» RECORDED INFORMATION:

== Segment start ==

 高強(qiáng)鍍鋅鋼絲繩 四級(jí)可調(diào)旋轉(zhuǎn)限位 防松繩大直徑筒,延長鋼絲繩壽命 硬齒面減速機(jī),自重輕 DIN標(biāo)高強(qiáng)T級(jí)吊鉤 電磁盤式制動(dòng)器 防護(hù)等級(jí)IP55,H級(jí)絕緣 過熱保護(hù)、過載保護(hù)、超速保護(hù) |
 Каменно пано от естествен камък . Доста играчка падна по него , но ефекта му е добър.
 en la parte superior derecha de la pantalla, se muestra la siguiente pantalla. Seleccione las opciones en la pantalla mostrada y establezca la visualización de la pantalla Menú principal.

== Segment end ==
== Segment start ==

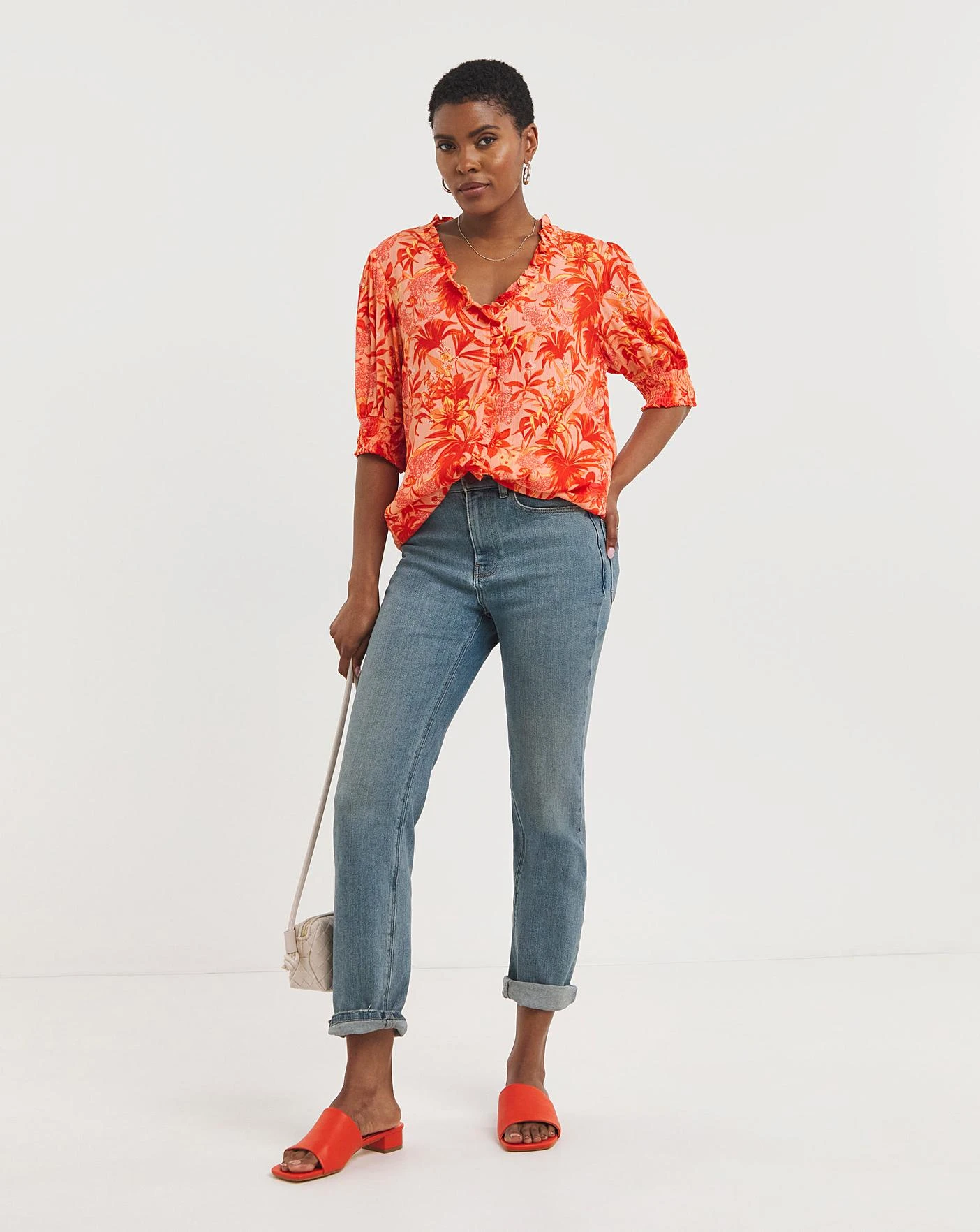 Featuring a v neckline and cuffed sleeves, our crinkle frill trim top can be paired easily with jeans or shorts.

== Segment end ==

» YOUR TASK:
Above are the records; from them, give again exactly the lines from the one containing "Каменно пано от" through the one containing "en la parte", both included.

» EXERCISE SOLUTION:
 Каменно пано от естествен камък . Доста играчка падна по него , но ефекта му е добър.
 en la parte superior derecha de la pantalla, se muestra la siguiente pantalla. Seleccione las opciones en la pantalla mostrada y establezca la visualización de la pantalla Menú principal.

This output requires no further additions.